Exercise data:
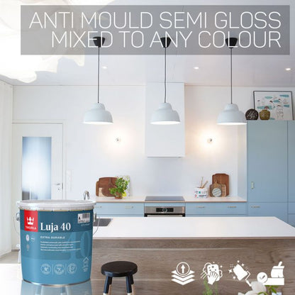 Extremely durable and water based, the Tikkurila Luja 40 has been purposely designed to use in Bathrooms & on Wall Tiles.
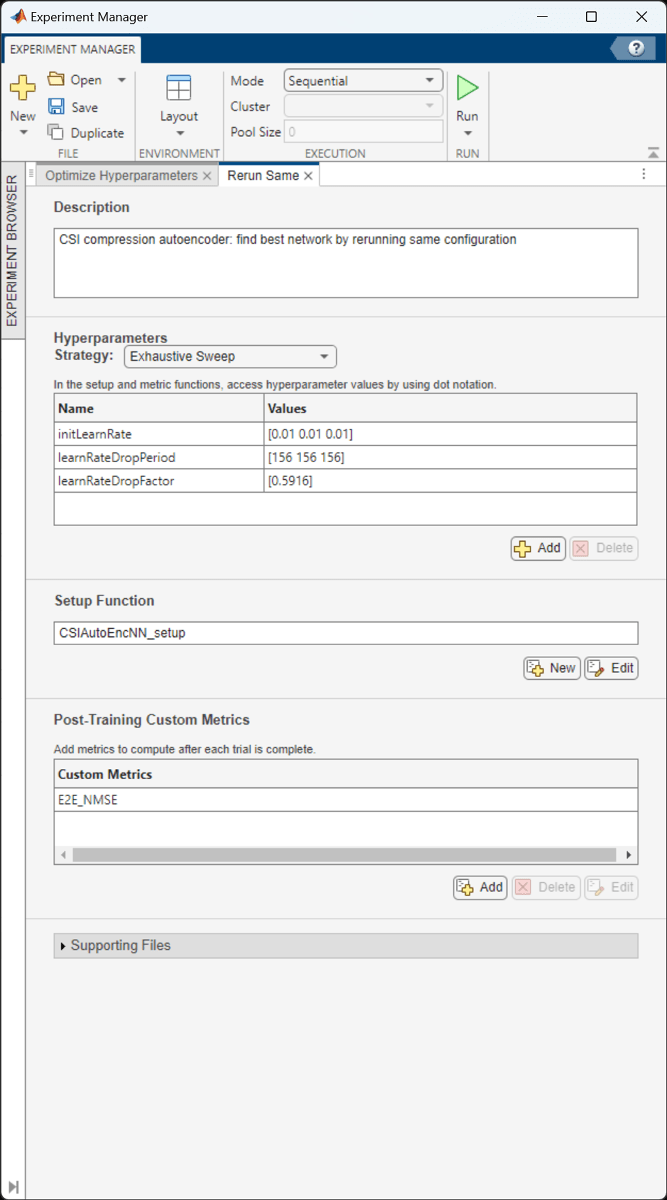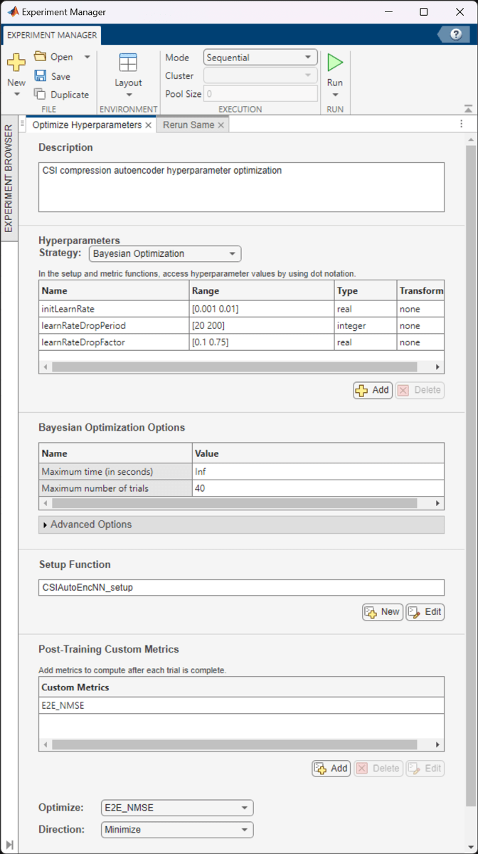The Optimize Hyperparameters experiment uses Bayesian optimization with hyperparameter search ranges specified as in the following figure. After you open the project, you can use the experiment setup function CSIAutoEncNN_setup and the custom metric function is E2E_NMSE.
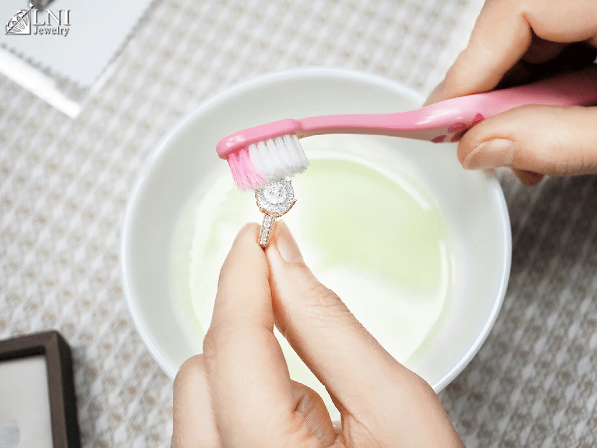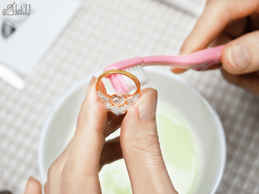 - เตรียมอุปกรณ์: น้ำยาล้างจาน น้ำสะอาด แปรงสีฟันขนอ่อน ผ้าเช็ดเครื่องประดับ และไดร์เป่าผม

Work instruction: Could you restate the material word for word, skipping any pictures it holds?

Exercise output:
 Extremely durable and water based, the Tikkurila Luja 40 has been purposely designed to use in Bathrooms & on Wall Tiles.
The Optimize Hyperparameters experiment uses Bayesian optimization with hyperparameter search ranges specified as in the following figure. After you open the project, you can use the experiment setup function CSIAutoEncNN_setup and the custom metric function is E2E_NMSE.
 - เตรียมอุปกรณ์: น้ำยาล้างจาน น้ำสะอาด แปรงสีฟันขนอ่อน ผ้าเช็ดเครื่องประดับ และไดร์เป่าผม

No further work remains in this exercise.